Se acomodó en la hamaca. El techo de tablas estaba pintado con el mismo amarillo crema que el exterior de la casa, y las molduras aportaban un sutil toque rosado y azul. Qué lugar tan fantástico. Como una guardería.
Molly cerró los ojos. La hamaca la mecía como una cuna. Se quedó dormida casi al instante.

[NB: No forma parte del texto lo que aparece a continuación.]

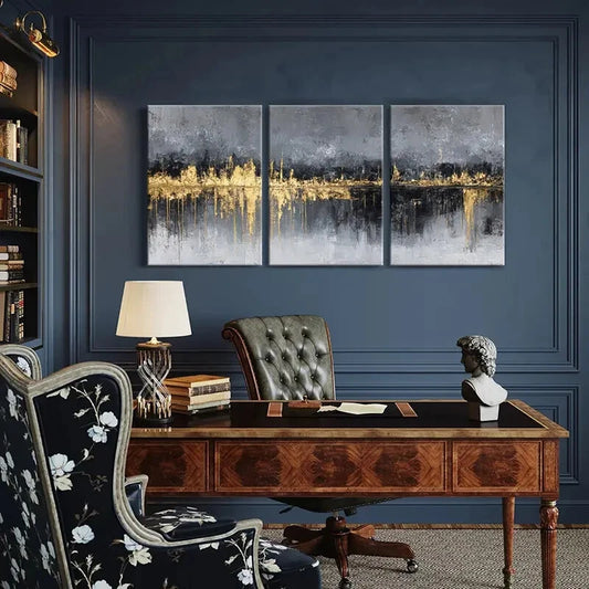 3pcs Set of Abstract Cityscape Golden Highlights Metal Print Ready to Hang Art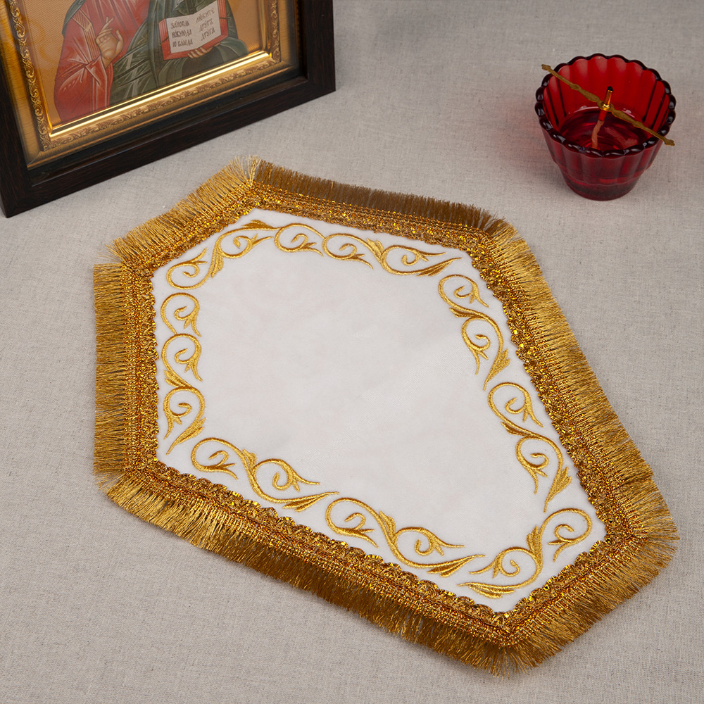 Шестигранный плат под крест сшит из качественного велюра. Срезы усилены бахромой, по контуру выполнена декоративная машинная вышивка. В наличии представлены платы с вышивкой золотыми или серебряными нитями, выберите и укажите желаемый вариант при оформлении заказа.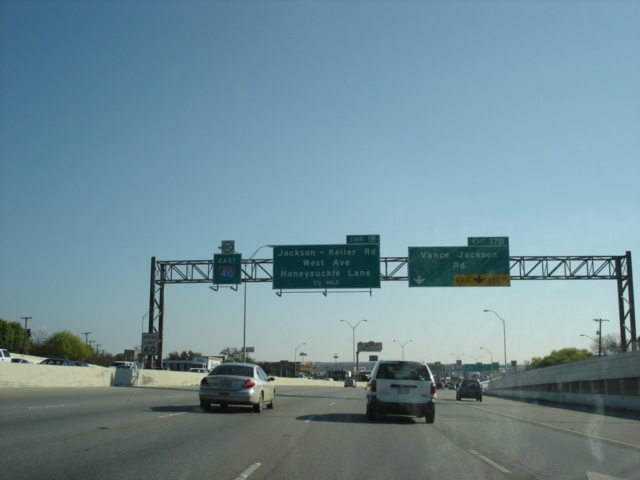 Interstate 410 East approaching Exit 17B - Vance Jackson Road - 1/2 mile, and Exit 18 - Jackson-Keller Road/West Avenue - 3/4 mile. Exit 18 also serves Honeysuckle Lane, but it appears the sign contractors forgot to include that on this particular sign, even though there looks like there is room for it to be added in the future. (Photo taken 3/17/05) |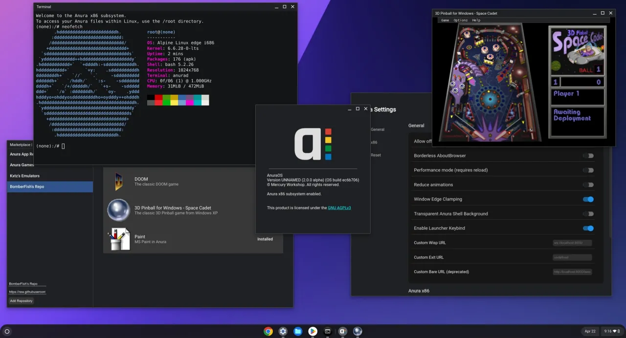 AnuraOS is the next-gen webOS and development environment with full Linux emulation. That is to say, a full desktop environment running locally in your browser, with x86 Linux emulation. I've been making various contributions since March 2024, most of which reworked various parts of the UI. AnuraOS 2.0, which contains my contributions, was released in November 2024.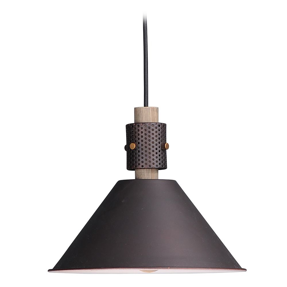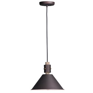 Maxim 10089OIWWD Tucson Metal Cone Pendant Ceiling Light, 1-Light 60 Watt, 10" H x 11" W, Oil Rubbed Bronze/Weathered Wood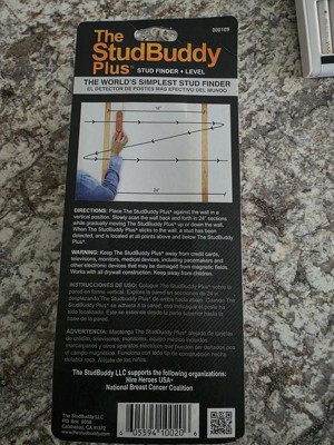 The StudBuddy Plus sent to me by the Hey Bullseye review program is a unique and innovative product! Unlike other widely used stud finders, the StudBuddy Plus requires no batteries to sense studs and includes levels and a couple length scales (inch and cm) for convenience. There is a "method" to using the StudBuddy Plus which is more complicated than with traditional stud finders and could require more time to find; however, I think the convenience of having a stud finder ready anytime regardless of batteries is worth the extra movement, especially if you're in a rural or nature setting.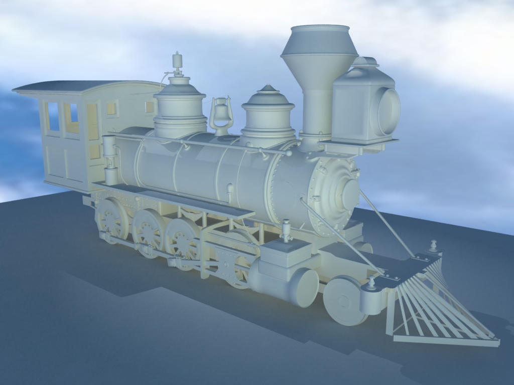 Ho cominciato a texturizzare la locomotiva e mi è venuto in mente di fare 2 immagini: 1 in versione "pulita" come se fosse un modellino e l'altra in versione più...vissuta.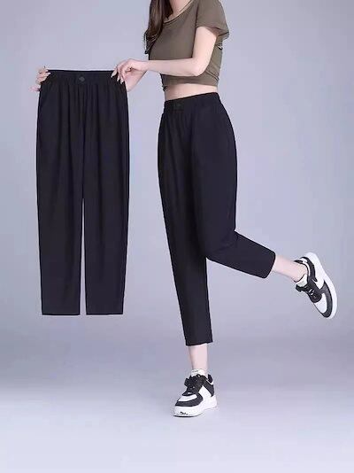 アイスシルク ハーレムパンツ夏 薄手 通勤 カジュアル 気質 ハイウエスト スーツ ハイウエストワイドパンツ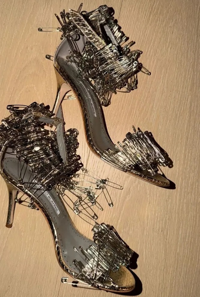 Manolo Blahnik-sandaler kompletterade outfiten – designern lade till liknande metalliska accenter. Looken var sammanhängande och djärv.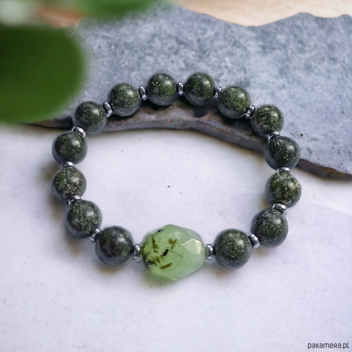 cudna, masywna i bardzo okazała bransoletka wykonana z fasetowanej bryłki prehnitu, kul jaspisu afrykańskiego 10mm i przekładek ze srebrnego hematytu.
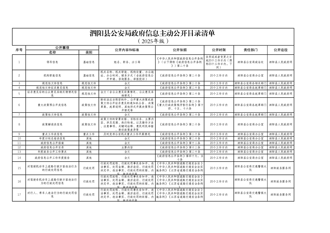 泗陽縣公安局政府信息主動公開目錄清單(2025年版)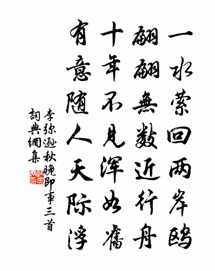 詩詞名句歷史字典書法欣賞書法字典國語詞典說文解字康熙字典古漢語字典標 題 作 者 詩 句 秋晚即事三首作者:李彌遜 朝代:宋代秋晚即事三首原文一水縈迴兩岸鷗,翩翩無數近行舟。十年不見渾如舊,有意隨人天際浮。詩詞問答問:秋晚即事三首的作者是誰?答:李彌遜問:秋晚即事三首寫於哪個朝代?答:宋代李彌遜秋晚即事三首書法欣賞秋晚即事三首書法作品詩詞推薦秋晚雜書三十首方回〔宋代〕獨吟不愧聲,獨立不愧影。獨行不愧屐,獨臥不愧枕。昏昏十日醉,炯炯一夕醒。古瓶插殘菊,老碗貯凍茗。三嗅題陸大參秀夫廣陵牡丹詩卷後林景熙〔宋代〕南海英魂叫不醒,舊題重展墨香凝。當時京洛花無主,猶有春風寄廣陵。端午帖子詞蘇軾〔宋代〕微涼生殿閣,習習滿皇都。試問吾民慍,南風為解無。依韻和許待制春雪梅堯臣〔宋代〕密雪犯陽和,寒階覆短莎。條牙摧不展,鳥舌噤應多。變令已為失,易消如未苛。桃花禹門水,早晚見通波。贈歐陽建曹攄〔魏晉〕嗟我良友。惟彥之選。弱冠參戎。既立南面。或踴而升。蔚煥其變。豈徒虛聲。考績畿甸。約政理繁。事省功辯。鄰女搔綿吟華岳〔宋代〕閒窗日上三竿竹,窗下嬌娥整輪輻。匆匆未暇理雲鬟,半朵青鴉倚紅玉。青梢摘盡銀香囊,畫欄平倚斑筠筐。時將添酒中六詠酒船陸龜蒙〔唐代〕昔人性何誕,欲載無窮酒。波上任浮身,風來即開口。荒唐意難遂,沉湎名不朽。千古如比肩,問君能繼不?餞陳匝峰之廉泉趙善璙〔宋代〕桃源渺何處,夢短到家難。不辦一丘費,猶為九品官。鶴嫌新俸薄,鷗訝舊盟寒。附翼攀鱗事,書生不敢幹。欲登蓬萊山謝雨恐泥濘不可行是早忽晴並紀其陳宓〔宋代〕喧枕浪浪直到明,驅車欲謝卻成晴。天人契合豈無意,草木□途俱有情。賸作寰中三日施,依前岩畔一泓清。願言婦女之孝二十首趙津吏女林同〔宋代〕儻得代父死,誠非愛妾身。不圖君聘妾,向道有嚴親。與潘仲達二首張耒〔宋代〕東風沛甘雨,百物一時好。江南桃李盡,紅紫到百草。道傍負擔子,寒食歸祭禱。今我淮上丘,三年不躬掃。頌古八首釋深〔宋代〕一人背手抽金鏃,一人反身控角弓。南北東西競頭看,果然一雁落寒空。岳陽道中鄭剛中〔宋代〕客子方憂畏,津亭更寂寥。亂雲藏野寺,積雪覆溪橋。米潤還難買,酤遲轉不饒。梅花有何故,冷笑背寒條。明發白沙灘聞布榖有感楊萬里〔宋代〕提壺勸我飲,杜鵑勸我歸。不如布榖子,勸我勤耘耔。我少貧且賤,不但無置錐。筆耒墾紙田,黑水導墨池。借令春日小園即事十首方回〔宋代〕傍宅荒山幾許長,蕘夫芸子縱牛羊。何當盡與栽桃李,疊石周遭築短牆。水龍吟 賦蓮花海棠王惲〔元代〕兩株雲錦翻空,換根元有丹砂*。繡幃重繞,銀紅高照,故家風味。翠羽生紅,霧紗肌玉,風流誰比。記沉香亭暖浪淘沙(與前人)陳著〔宋代〕有約泛溪篷。游畫圖中。沙鷗引入翠重重。認取抱琴人住處,水淺山濃。一笑兩衰翁。莫惜從容。瓮醅灰芋雪泥菘郭信可索雲溪詩懶未能作戲成此寄以自解馮時行〔宋代〕疏疏翠竹淨江沙,遠寄新詩物地夸。月徑剩教添鬢雪,雲溪日放長苔花。也知一決君無勇,豈是狂吟我欲賒。琴鶴館中賞紅梅何澹〔宋代〕石渠南畔小闌乾,一種孤芳萬玉攢。應為癯儒嫌冷淡,故將素麵汙鉛丹。花面酒盞渾如夢,池上詩盟幸不寒。美景即事鄭清之〔宋代〕微雲疏雨一分月,折葦枯荷強半秋。猶有遠禽飛不盡,急翻孤影暮江頭。名句推薦彩線輕纏紅玉臂,小符斜掛綠雲鬟。佳人相見一千年。蘇軾《浣溪沙·端午》 遠夢歸侵曉,家書到隔年。杜牧《旅宿》 低頭羞見人,雙手結裙帶。毛鉉《 * 詞·下床著新衣》 桃花落後蠶齊浴,竹筍抽時燕便來。朱彝尊《鴛鴦湖棹歌·一百首選二》 有情風、萬里卷潮來,無情送潮歸。蘇軾《八聲甘州·寄參寥子》 山河風景元無異,城郭人民半已非。文天祥《金陵驛二首·其一》 紫泉宮殿鎖煙霞,欲取蕪城作帝家。李商隱《隋宮》 嫦娥應悔偷靈藥,碧海青天夜夜心。李商隱《嫦娥》 同聲相應,同氣相求。佚名《易傳·乾文言》 分不盡,半涼天。可憐閒剩此嬋娟。吳文英《思佳客·閏中秋》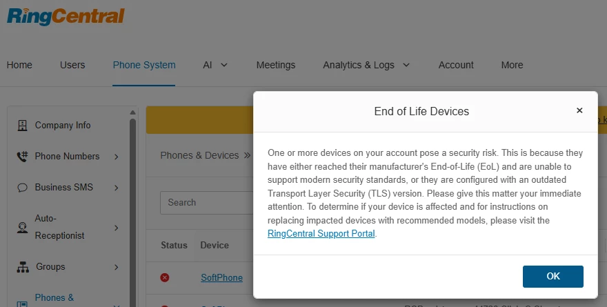 I just jumped into the RC admin portal to check something and was presented with a pop-up alert stating “One or more devices on your account pose a security risk” and goes on about something being end-of-life and posing a security risk. OK, that seems possible.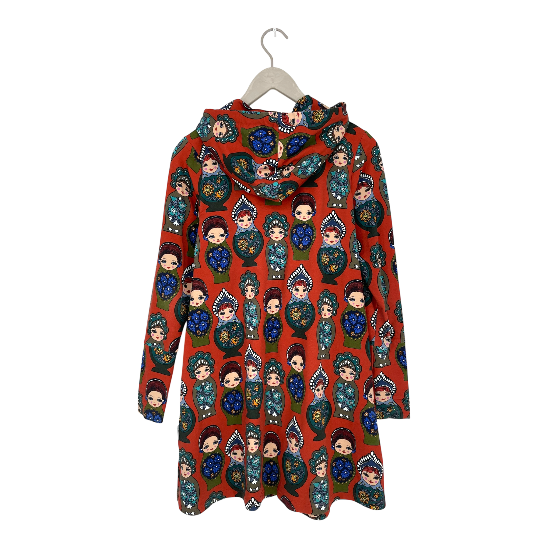 Versonpuoti hooded tunic with a long zipper in Maatuska print. Pockets on both sides and full-length sleeves.
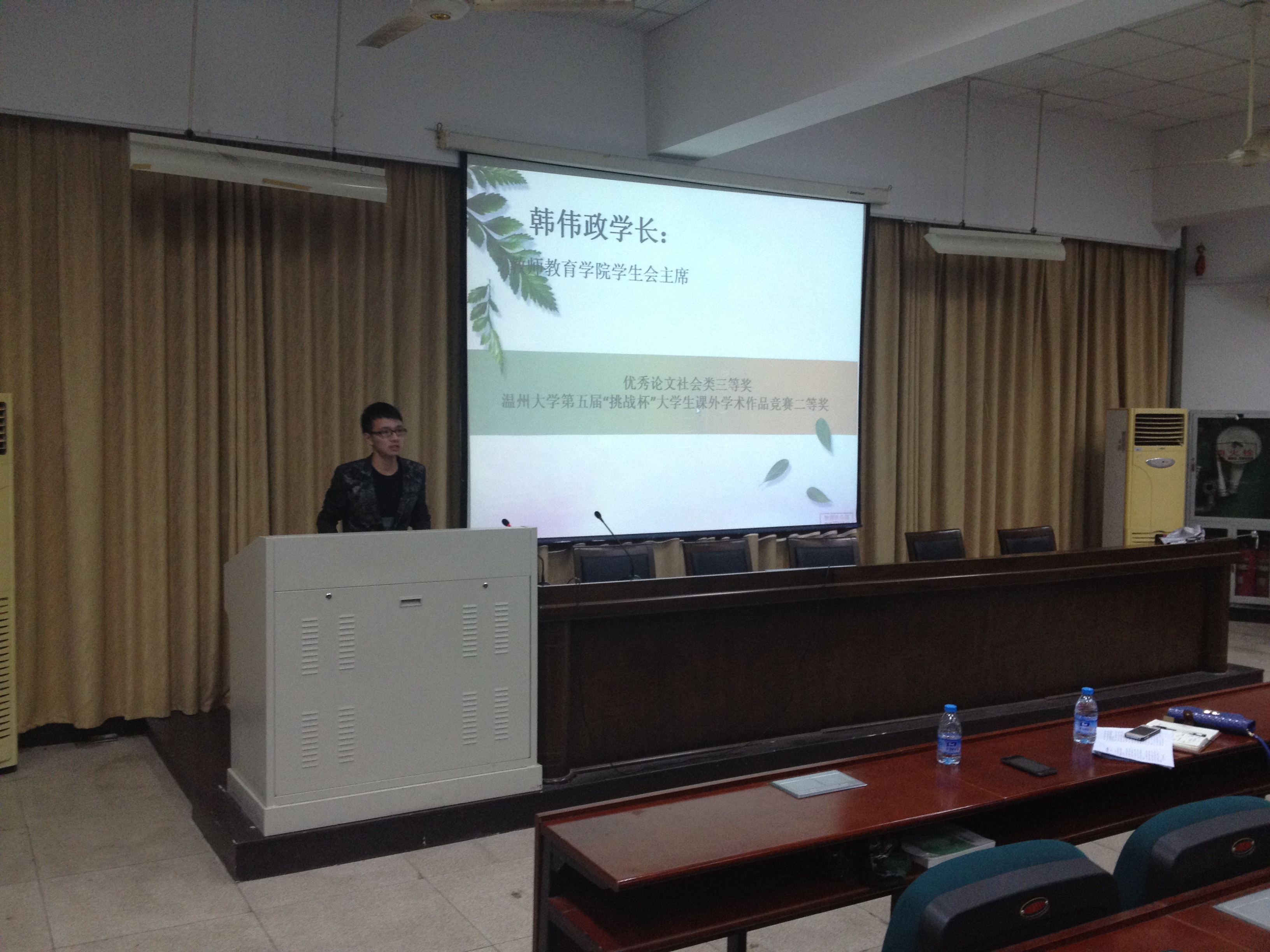 交流会开始,张翼鹏学长向大家介绍了什么是“挑战杯”,怎么参加“挑战杯”,还和大家分享了自己参加“挑战杯”的收获。他的详细介绍为大家打开了未知的 “挑战杯”大门。接着,我院的两位学长也将自己的经验倾囊相授,从选题、团队组建,再到论文的一些步骤都一一分享。高崚峰学长着重向大家推荐了一些学术科研的资料网站和选题方面的一些建议。韩伟政学长则以自己的而经历为例,强调科研与自己专业学科结合的重要性,科研可以帮助大家对自己所学专业知识形成一个全新而又深刻的认识。现场学长与学员的互动,有问有答,讨论气氛热烈。晓秋老师也分享了她赴苏州进行第十三届全国大学生 “挑战杯”科技作品竞赛决赛观摩学习的经历,和大家分享了一些值得大家借鉴学习的案例,总结了这次的交流会。

El «klingon» salió a recibir a Kevin a la puerta de la casita con un gruñido y enseñándole los dientes.
– No empieces, no estoy de humor.
Rodeó el perro y se encaminó hacia el dormitorio. Dejó la maleta de Molly, y luego se dirigió a la cocina. No estaba allí. Charlotte Long, sin embargo, la había visto cruzar la puerta de acceso a la cocina… Kevin la encontró en el porche, dormida en la hamaca, y se quedó observándola.
Se la veía pequeña e indefensa. Tenía una mano doblada bajo la barbilla, y un mechón de cabellos castaños oscuros le caía sobre la mejilla. Tenía las pestañas espesas, aunque no lo bastante como para ocultar esas oscuras ojeras; Kevin se sintió culpable por cómo se había portado con ella. De todos modos, algo le decía que ella no reaccionaría muy bien a unos mimos. Aunque tampoco pensaba mimarla. Todavía estaba demasiado resentido.
Pasó su mirada por el cuerpo de ella, y se quedó dudando. Llevaba un pantalón capri de color rojo chillón y una arrugada blusa amarilla sin mangas con uno de esos cuellos chinos. Cuando estaba despierta y su habitual personalidad de listilla en activo, se hacía difícil distinguir su ascendencia corista. Dormida, en cambio, era otra historia. Tenía unos tobillos elegantes, las piernas esbeltas, y las caderas formaban una curva suave y bonita. Bajo la blusa, sus pechos subían y bajaban, y a través del cuello en forma de V, Kevin entrevió algo de encaje negro. Su mano derecha hizo un amago de abrir los botones para ver más.
Kevin se enfadó por tener aquella reacción. En cuanto volviera a Chicago, sería conveniente que llamara a algún antiguo ligue: estaba claro que hacía demasiado tiempo que no practicaba el sexo.
El «klingon» debió de leer sus pensamientos, porque empezó a gruñirle y luego ladró.